Consumer prices rose 0.4 percent from December, with costs excluding food and energy climbing 0.3 percent, the most since June 2006, the Labor Department said. Builders started work on 1.012 million homes at an annual rate in January, close to a 16- year low, the Commerce Department reported in Washington...

Building permits, an indication of future construction, fell 3 percent to a 1.048 million rate, the lowest level since November 1991, today's Commerce report showed.

The Federal Reserve has recently appeared more concerned with the weak growth rather than with inflation, expecting the latter to moderate eventually.

Fed policy makers last month judged that low interest rates "were appropriate for a time," according to minutes of the Jan. 9 and 21 conference calls and Jan. 29-30 meeting reported today.
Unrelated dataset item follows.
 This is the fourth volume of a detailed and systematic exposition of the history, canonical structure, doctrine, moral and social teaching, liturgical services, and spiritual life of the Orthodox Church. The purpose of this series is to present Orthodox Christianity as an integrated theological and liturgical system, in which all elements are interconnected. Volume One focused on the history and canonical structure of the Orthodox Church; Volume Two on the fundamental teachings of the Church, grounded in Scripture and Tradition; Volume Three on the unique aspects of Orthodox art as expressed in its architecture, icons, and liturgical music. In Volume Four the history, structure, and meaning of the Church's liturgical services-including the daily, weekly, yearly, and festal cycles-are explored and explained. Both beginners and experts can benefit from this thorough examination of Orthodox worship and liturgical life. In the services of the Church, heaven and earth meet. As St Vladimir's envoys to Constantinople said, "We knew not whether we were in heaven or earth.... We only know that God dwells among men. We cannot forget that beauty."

And, while some officials considered that a reversal of the rate cuts may be needed once the economy stabilizes, "members agreed that inflation was likely to moderate in coming quarters."

This is despite the fact that Federal Reserve forecasts were revised to show both lower growth and higher inflation.

The Fed also lowered its growth forecast and boosted its expectations for the pace of increase in consumer prices. It now expects the economy to expand 1.3 percent to 2 percent in the fourth quarter from the same period a year before, compared with 1.8 percent to 2.5 percent projected in October. Consumer prices will rise 2.1 percent to 2.4 percent compared with 1.8 percent to 2.1 percent.